[TASK ITEM] Starting at the top of the entries below, write out each line up to and including the one containing "5. 语气与风格:若面向终端用户(对话机器人),应保证语气自然友好;在流程中执行(AI 节点)时应简洁稳重。". Leave the pictures out.

[DATASET EXCERPTS]
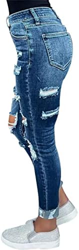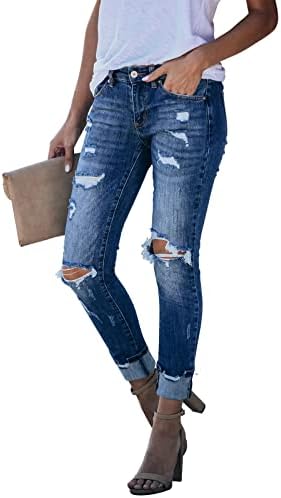 Women's Ripped Destroyed Skinny Jeans & Jeggings Pull-On Elastic Waist Stretch Denim Pants Regular-Plus Size
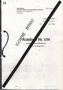 - Federal Commissioner for the Records of the State Security Service of the former German Democratic Republic. Directive No. 1/76 on the Development and Revision of Operational Procedures Richtlinie Nr. 1/76 zur Entwicklung und Bearbeitung Operativer Vorgänge (OV)
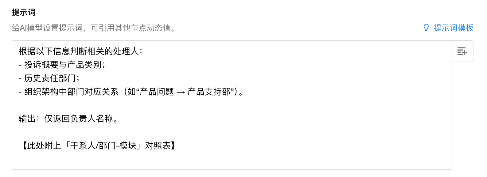 5. 语气与风格:若面向终端用户(对话机器人),应保证语气自然友好;在流程中执行(AI 节点)时应简洁稳重。
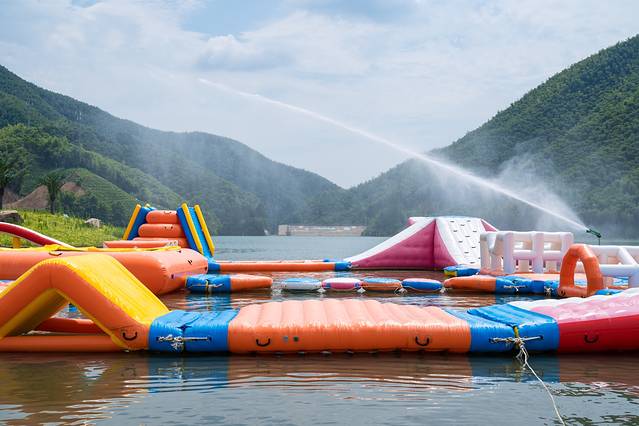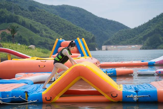 就在阳光沙滩旁的水边,摆放着一个巨大的水上气模,这是一个水上的充气式的闯关赛道,穿戴好救生衣,从起点出发,越过一个又一个的障碍物,玩的累了就坐在上面用脚踢踢水、吹一吹湖面的微风,这一刻的惬意也只有亲身经历才能真正感受到。
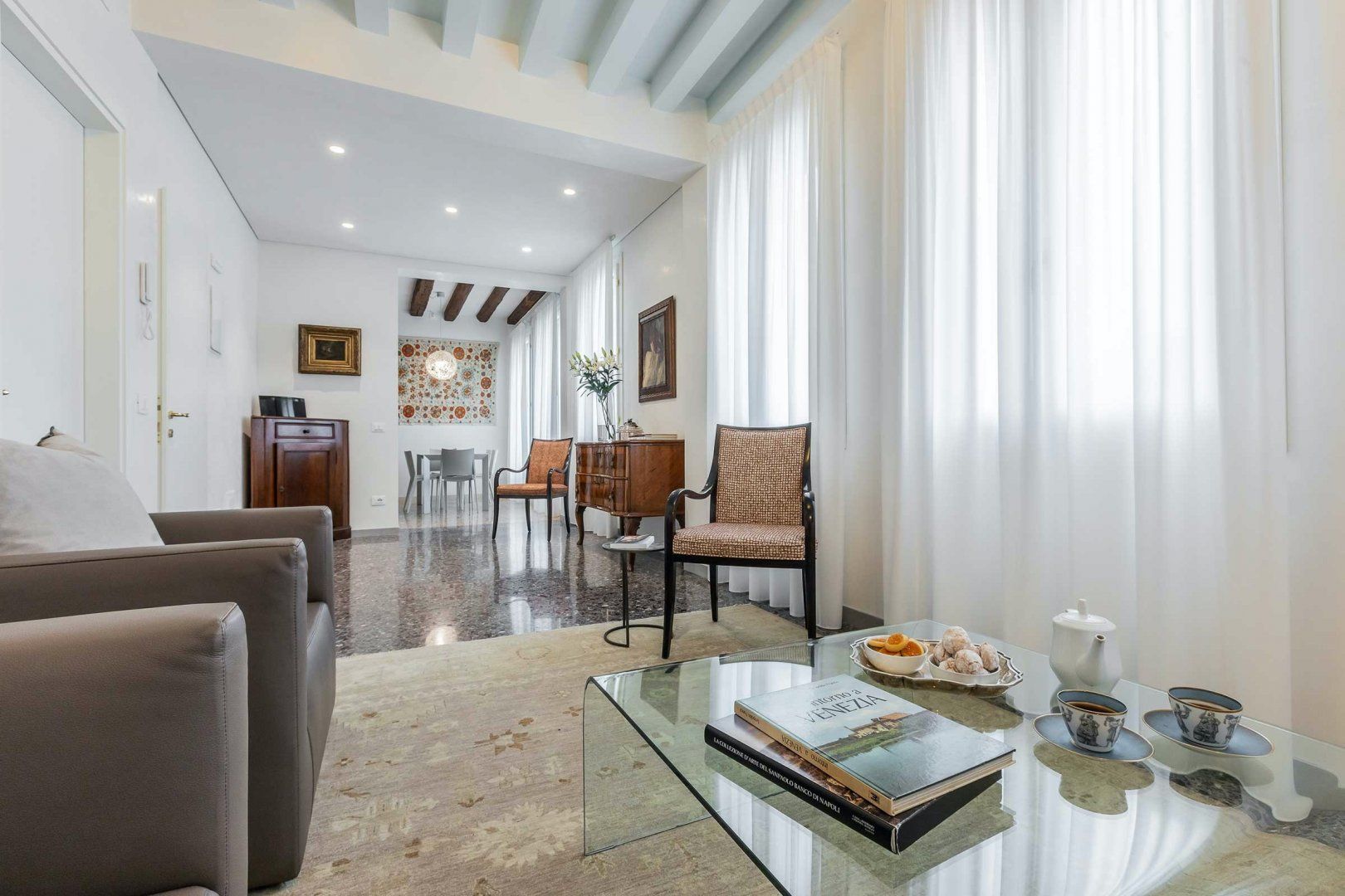 Elegant, eclectic, and effortlessly Italian, this chic holiday home offers a great location within the sought-after Dorsoduro District of Venice, just moments from Accademia Bride and one Vaporetto stop from the world-famous Piazza San Marco. Step outside and immediately feel the heartbeat of the city as you are surrounded by artisanal shops, cafes, bars, and Osterias. Within this grand, typically Venetian-style building you will find a number of living areas, two well-equipped modern kitchens, and six bedrooms (many of which are ensuite), all finished to an impeccably high standard. There's also a lovely furnished roof terrace that boasts a great view over this iconic city – the perfect place to watch the sun go down with a glass of wine.
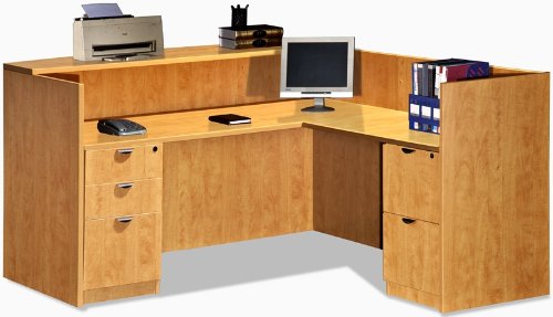 Honey Reception Station?The Marquis Laminate Collection is a premier desk series Clean lines and simple design Honey finish 3mm edge banding Thermal-fused laminate surface Ready to assemble Reception Station Includes: Reception Desk Shell 70.75''W x 30''/34''D x 40.5''H Reception Desk Return Shell Pedestal Box/Box/File with Lock 15.625''W x 22''D x 28''H Pedestal File/File with Lock 15.625''W x 22''D x 28''H Pedestals ship assembled to make installation of your office fast and simple Full suspension slides View entire Marquis Laminate Collection 5 year manufacturer's warranty
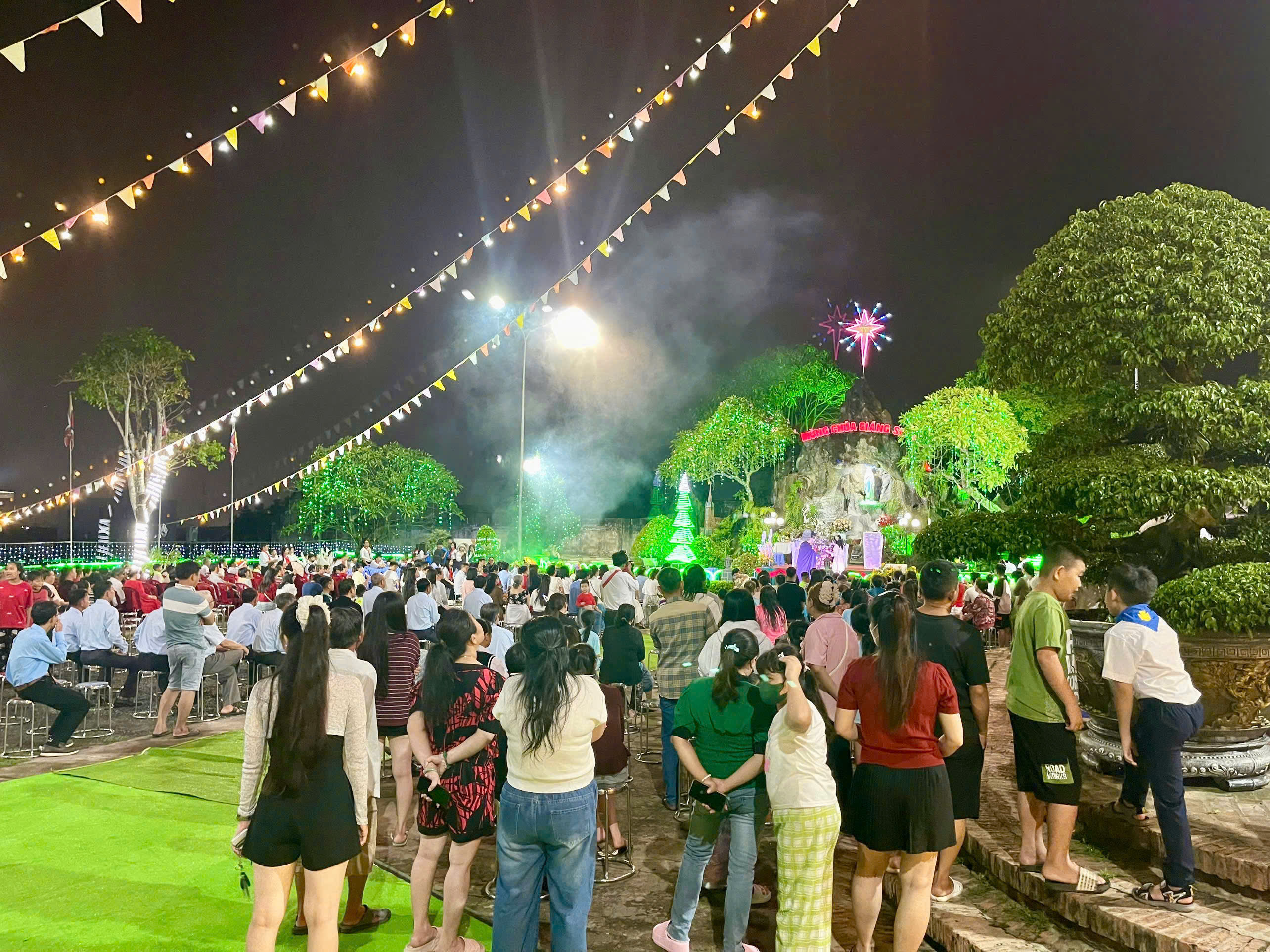 Hình ảnh người dân chăm chú xem chương trình hoạt cảnh tại Giáo xứ Phước Lý
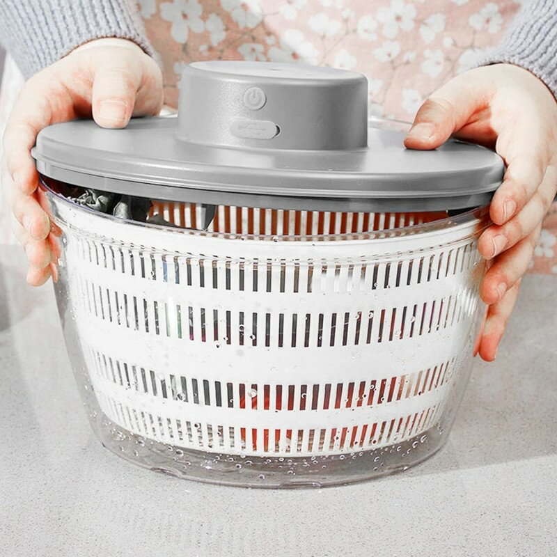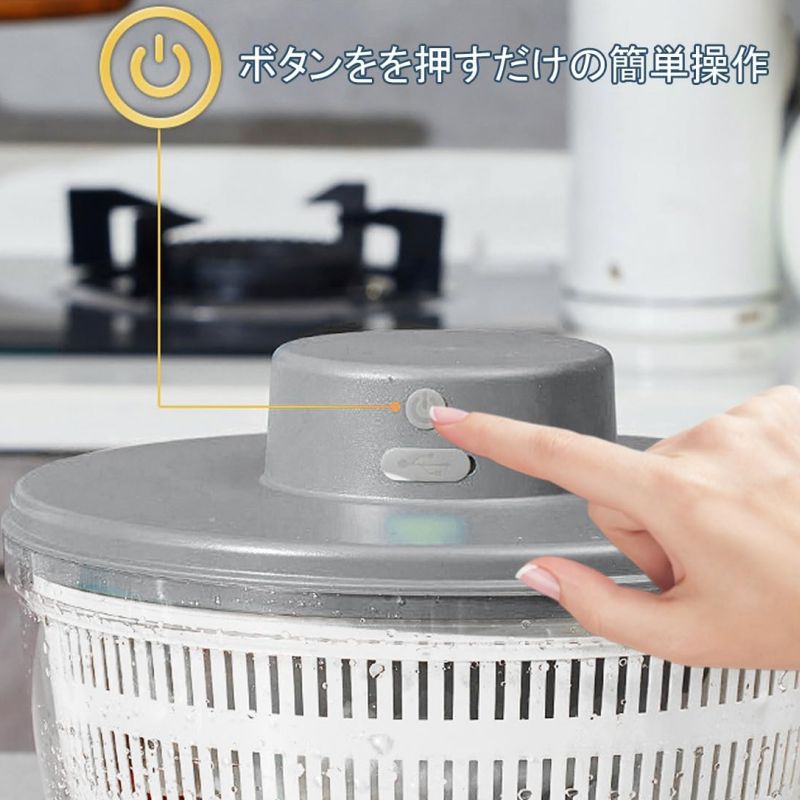 電動サラダスピナー サラダスピナー 野菜スピナー 野菜水切り器 電動 水切りザル 高速水切り 野菜 果物 USB充電式 キッチンツール 水滴かご 4L大容量 調理器具 大容量 果物と野菜の脱水器 高温に堪える耐える

[SOLUTION]
 Women's Ripped Destroyed Skinny Jeans & Jeggings Pull-On Elastic Waist Stretch Denim Pants Regular-Plus Size
 - Federal Commissioner for the Records of the State Security Service of the former German Democratic Republic. Directive No. 1/76 on the Development and Revision of Operational Procedures Richtlinie Nr. 1/76 zur Entwicklung und Bearbeitung Operativer Vorgänge (OV)
 5. 语气与风格:若面向终端用户(对话机器人),应保证语气自然友好;在流程中执行(AI 节点)时应简洁稳重。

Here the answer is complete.